As a workaround for [2] we can add configuration option which data
structure to use for "local caching" (on-heap or off-heap).
If we go this way then cache data duplication will remain and some
kind of off-heap ConcurrentHashMap should be implemented in Ignite
(probably, already exists in some form, need to investigate this topic
properly).

On the other hand, if we use separate cache for each IgniteSet instance:
1. It will be not necessary to maintain redundant data stored
somewhere other than the cache.
2. It will be not necessary to implement workaround for recovery from PDS.
For the collocated mode we can, for example, enforce REPLICATED cache mode.

Why don't you like the idea with separate cache?

[1] https://issues.apache.org/jira/browse/IGNITE-7565
[2] https://issues.apache.org/jira/browse/IGNITE-5553


2018-02-09 0:44 GMT+03:00 Valentin Kulichenko <[hidden email]>:

> Pavel,
>
> I don't like an idea of creating separate cache for each data structure,
> especially for collocated ones. Can actually, I'm not sure I understand how
> that would help. It sounds like that we just need to properly persist the
> data structures cache and then reload on restart.
>
> -Val
>
> On Thu, Feb 8, 2018 at 6:12 AM, Pavel Pereslegin <[hidden email]> wrote:
>
>> Hello, Igniters!
>>
>> We have some issues with current IgniteSet implementation ([1], [2], [3],
>> [4]).
>>
>> As was already described in this conversation, the main problem is
>> that current IgniteSet implementation maintains plain Java sets on
>> every node (see CacheDataStructuresManager.setDataMap). These sets
>> duplicate backing-cache entries, both primary and backup. size() and
>> iterator() calls issue distributed queries to collect/filter data from
>> all setDataMap's.
>>
>> I believe we can solve specified issues if each instance of IgniteSet
>> will have separate internal cache that will be destroyed on close.
>>
>> What do you think about such major change? Do you have any thoughts or
>> objections?
>>
>> [1] https://issues.apache.org/jira/browse/IGNITE-7565
>> [2] https://issues.apache.org/jira/browse/IGNITE-5370
>> [3] https://issues.apache.org/jira/browse/IGNITE-5553
>> [4] https://issues.apache.org/jira/browse/IGNITE-6474
>>
>>
>> 2017-10-31 5:53 GMT+03:00 Dmitriy Setrakyan <[hidden email]>:
>> > Hi Andrey,
>> >
>> > Thanks for a detailed email.
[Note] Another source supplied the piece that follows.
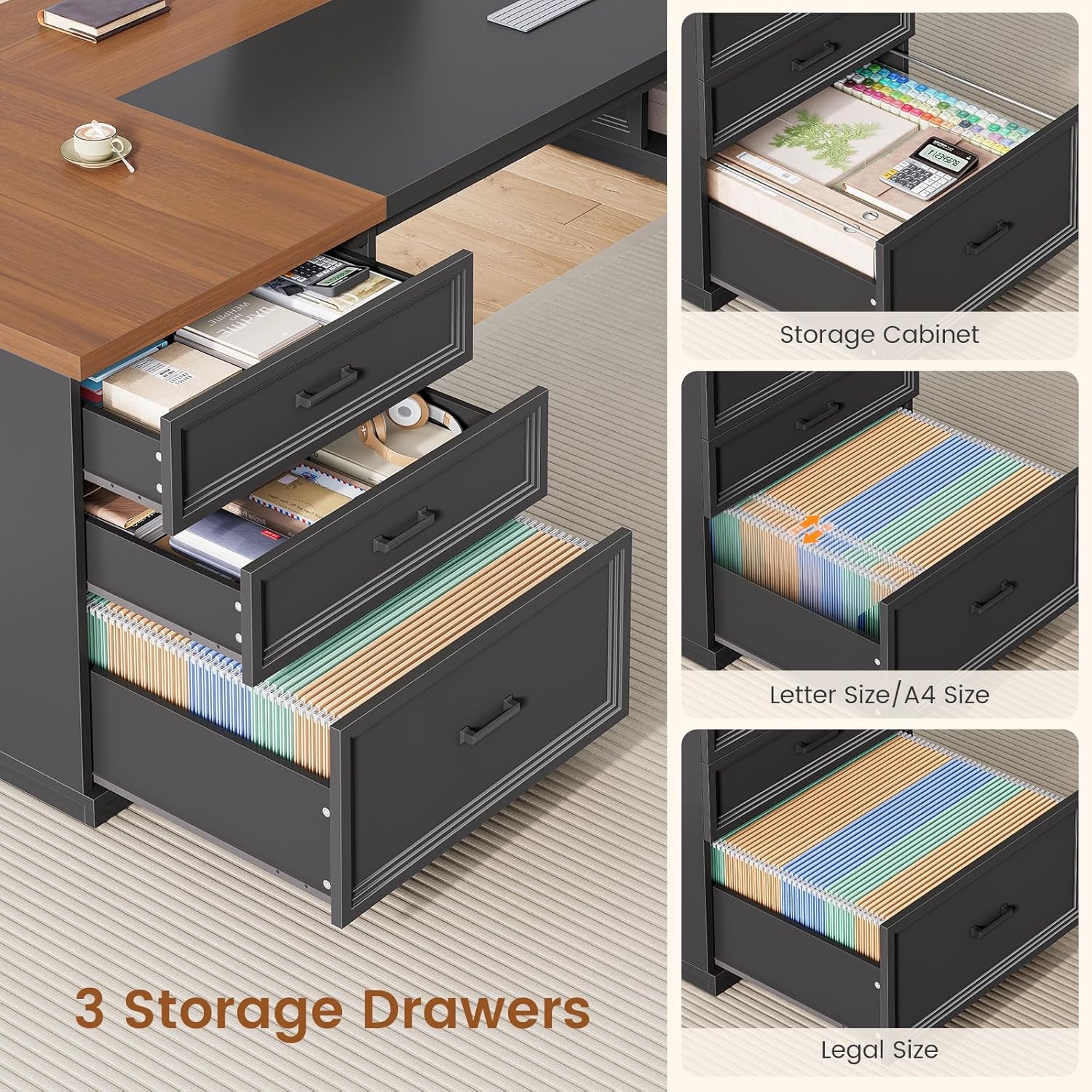 SEDETA 78.7″ L Shaped Executive Desk with Charging Station, Large Home Office Computer Desk with File Drawers & Adjustable Storage Cabinet, CPU Stand, Modern L Desk for Business, Black + Brown

I think your suggestions do make sense.
>> Ignite
>> > cannot afford to have a distributed set that is not fail-safe. Can you
>> > please focus only on solutions that provide consistent behavior in case
>> of
>> > topology changes and failures and document them in the ticket?
>> >
>> > https://issues.apache.org/jira/browse/IGNITE-5553
>> >
>> > D.
>> >
>> > On Mon, Oct 30, 2017 at 3:07 AM, Andrey Kuznetsov <[hidden email]>
>> wrote:
>> >
>> >> Hi, Igniters!
>> >>
>> >> Current implementation of IgniteSet is fragile with respect to cluster
>> >> recovery from a checkpoint. We have an issue (IGNITE-5553) that
>> addresses
>> >> set's size() behavior, but the problem is slightly broader. The text
>> below
>> >> is my comment from Jira issue. I encourage you to discuss it.
>> >>
>> >> We can put current set size into set header cache entry. This will fix
>> >> size(), but we have broken iterator() implementation as well.
>> >>
>> >> Currently, set implementation maintains plain Java sets on every node,
>> see
>> >> CacheDataStructuresManager.setDataMap. These sets duplicate
>> backing-cache
>> >> entries, both primary and backup. size() and iterator() calls issue
>> >> distributed queries to collect/filter data from all setDataMap's. And
>> >> setDataMaps remain empty after cluster is recovered from checkpoint.
>> >>
>> >> Now I see the following options to fix the issue.
>> >>
>> >> #1 - Naive. Iterate over all datastructure-backing caches entries during
>> >> recover from checkpoint procedure, filter set-related entries and refill
>> >> setDataMap's.
>> >> Pros: easy to implement
>> >> Cons: inpredictable time/memory overhead.
>> >>
>> >> #2 - More realistic. Avoid node-local copies of cache data. Maintain
>> linked
>> >> list in datastructure-backing cache: key is set item, value is next set
>> >> item. List head is stored in set header cache entry (this set item is
>> >> youngest one). Iterators build on top of this structure are fail-fast.
>> >> Pros: less memory overhead, no need to maintain node-local mirrors of
>> cache
>> >> data
>> >> Cons: iterators are not fail-safe.
>> >>
>> >> #3 - Option #2 modified. We can store reference counter and 'removed'
>> flag
>> >> along with next item reference. This allows to make iterators fail safe.
>> >> Pros: iterators are fail-safe
>> >> Cons: slightly more complicated implementation, may affect performance,
>> >> also I see no way to handle active iterators on remote nodes failures.
>> >>
>> >>
>> >> Best regards,
>> >>
>> >> Andrey.
>> >>
>>
Reply | Threaded
Open this post in threaded view
|

Re: IgniteSet implementation: changes required

dsetrakyan
Hi Pavel,

We have 2 types of data structures, collocated and non-collocated. The
difference between them is that the collocated set is generally smaller and
will always end up on the same node. Users generally will have many
colllocated sets. On the other hand, a non-collocated set can span multiple
nodes and therefore is able to store a lot more data.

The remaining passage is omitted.